If a register is to be saved by the caller, its value should be stored in a frame of the stack, that was allocated for that purpose, prior to calling the function. This ensures that the values can be restored when the function returns. In general, it is a good idea to save all of the registers if the caller does not know which registers may be modified by the callee.
Registers to be saved by the callee only need to be saved to memory if the function uses those registers. Functions must not leave a trace, the state of the machine must be the same as it was prior to the function being invoked (with the exception of the desired function result).
A function implementation defined in RISC-V assembly should use the following prologue before doing any of its work:
function_label: addi sp, sp, -framesize # The stack grows downward sd ra,framesize-8(sp) # Save the return address # Save registers owned by the callee as needed to memory.

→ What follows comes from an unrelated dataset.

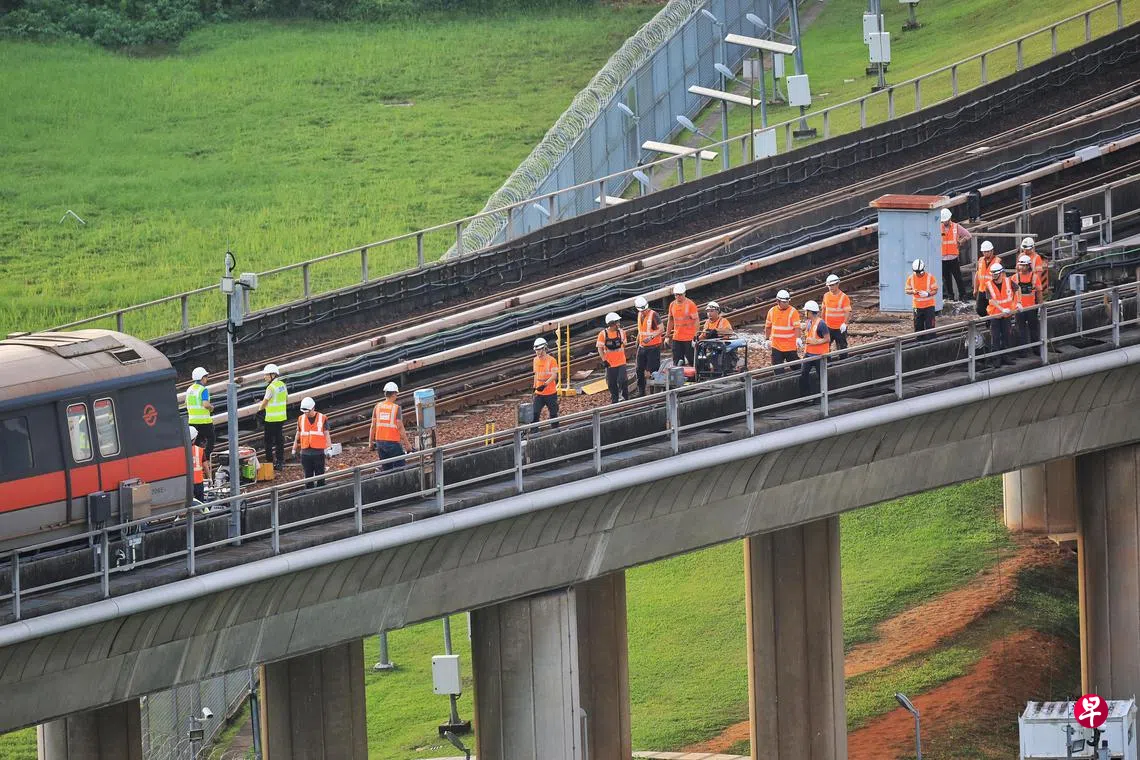 SMRT说,工程师团队将彻夜抢修受损的转轨器(point machine)和供电第三轨。

This will ensure that the function can return to the point where it was called, and that any register state will be saved.
Before a function returns, the saved register values must be restored. This is achieved by the following epilogue which should end a function call.
# restore registers from the stack if needed ld ra, framesize-8(sp) # Restore the return address register addi sp, sp, framesize # Pop the stack ret # return to the caller
This will restore the saved registers, set the return address and de-allocate the stack frame that was used to save this information.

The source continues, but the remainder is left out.